**EXERCISE:**
Repeat the data word for word and skip the pictures.

**Items from a dataset:**
- - -
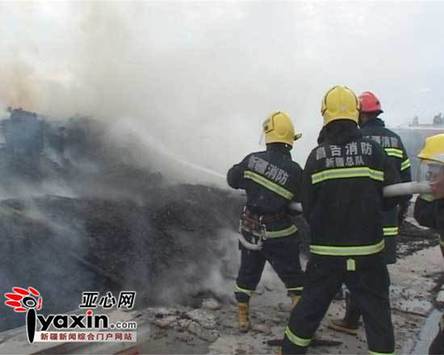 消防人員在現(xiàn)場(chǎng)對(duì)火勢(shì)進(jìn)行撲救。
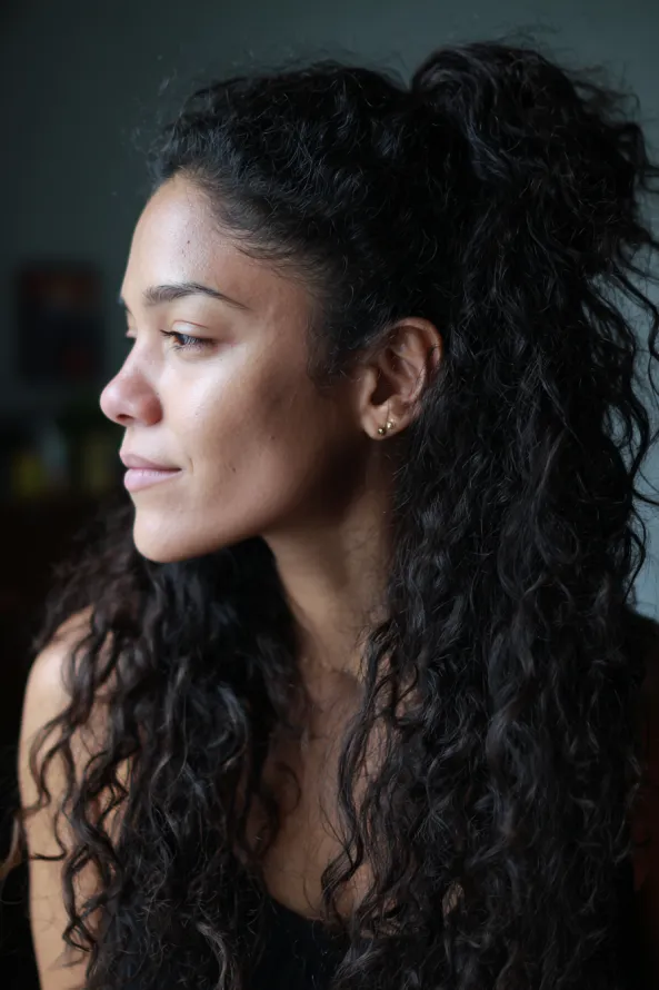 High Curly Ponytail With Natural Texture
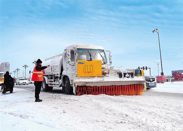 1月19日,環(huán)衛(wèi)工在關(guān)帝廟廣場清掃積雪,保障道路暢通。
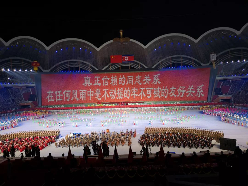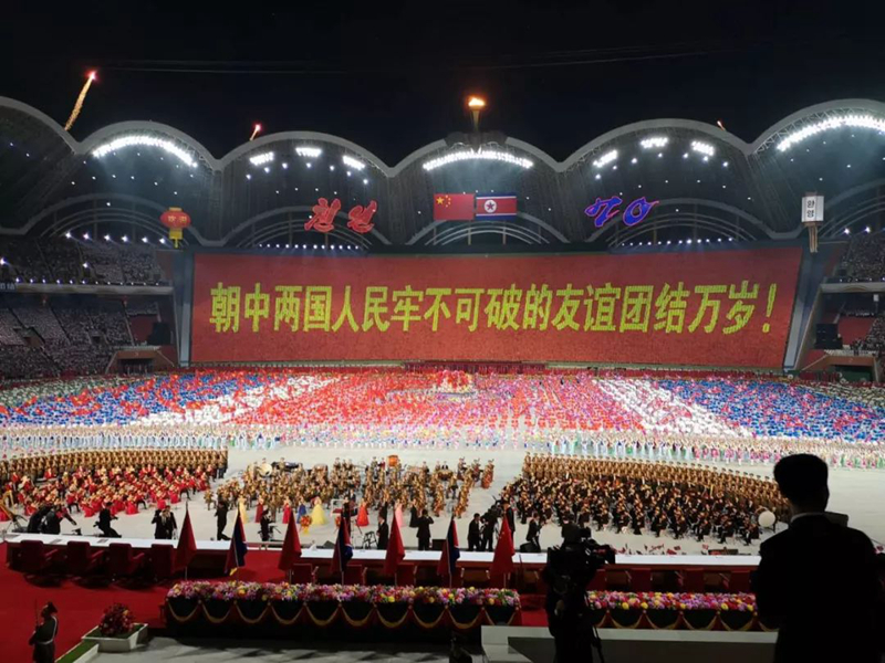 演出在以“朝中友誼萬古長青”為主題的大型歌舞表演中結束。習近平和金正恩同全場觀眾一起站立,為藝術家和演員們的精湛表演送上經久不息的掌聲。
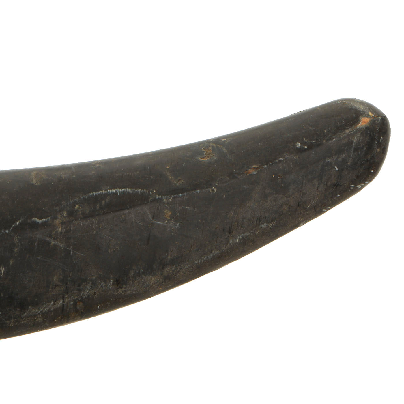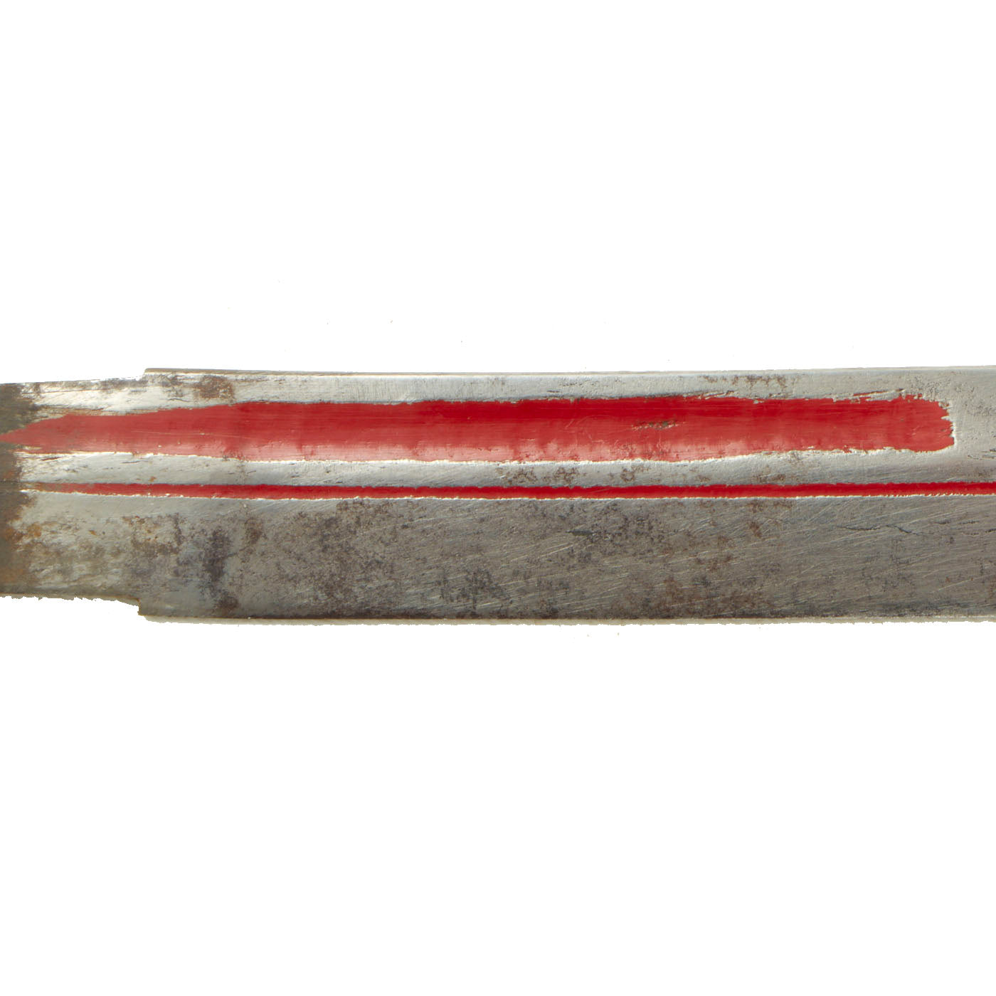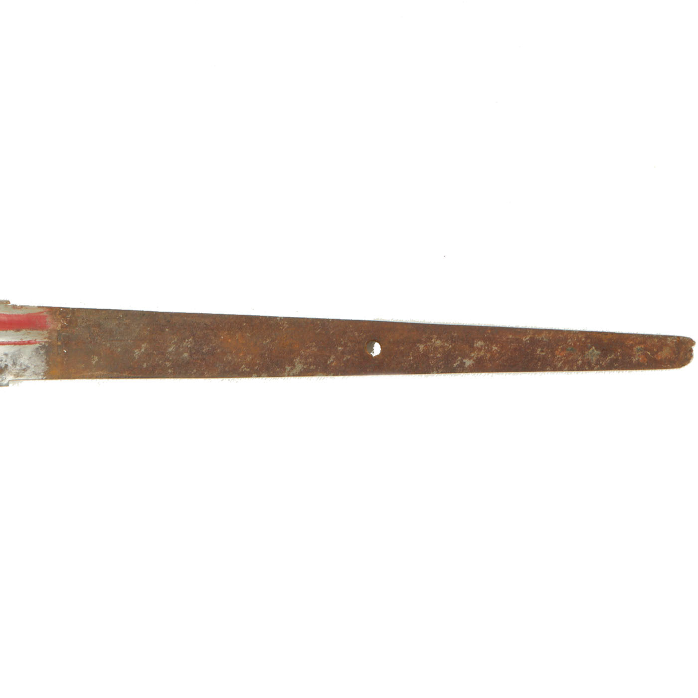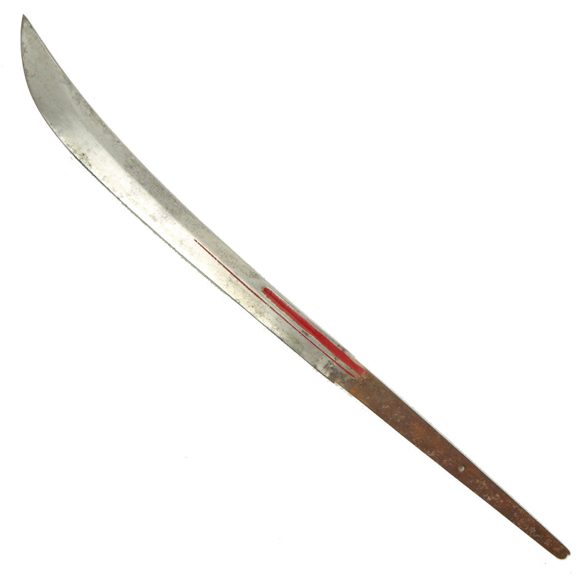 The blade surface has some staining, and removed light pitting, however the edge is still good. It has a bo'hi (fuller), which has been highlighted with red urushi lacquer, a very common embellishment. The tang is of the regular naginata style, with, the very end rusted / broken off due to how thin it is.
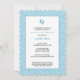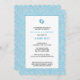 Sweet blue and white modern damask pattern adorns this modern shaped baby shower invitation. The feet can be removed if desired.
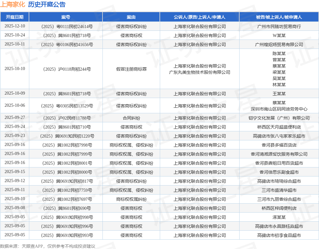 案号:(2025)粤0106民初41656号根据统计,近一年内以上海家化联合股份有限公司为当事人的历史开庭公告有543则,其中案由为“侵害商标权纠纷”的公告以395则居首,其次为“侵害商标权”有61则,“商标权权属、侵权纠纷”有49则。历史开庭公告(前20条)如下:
- - -
**YOUR SOLUTION:**
 消防人員在現(xiàn)場(chǎng)對(duì)火勢(shì)進(jìn)行撲救。
 High Curly Ponytail With Natural Texture
 1月19日,環(huán)衛(wèi)工在關(guān)帝廟廣場清掃積雪,保障道路暢通。
 演出在以“朝中友誼萬古長青”為主題的大型歌舞表演中結束。習近平和金正恩同全場觀眾一起站立,為藝術家和演員們的精湛表演送上經久不息的掌聲。
 The blade surface has some staining, and removed light pitting, however the edge is still good. It has a bo'hi (fuller), which has been highlighted with red urushi lacquer, a very common embellishment. The tang is of the regular naginata style, with, the very end rusted / broken off due to how thin it is.
 Sweet blue and white modern damask pattern adorns this modern shaped baby shower invitation. The feet can be removed if desired.
 案号:(2025)粤0106民初41656号根据统计,近一年内以上海家化联合股份有限公司为当事人的历史开庭公告有543则,其中案由为“侵害商标权纠纷”的公告以395则居首,其次为“侵害商标权”有61则,“商标权权属、侵权纠纷”有49则。历史开庭公告(前20条)如下:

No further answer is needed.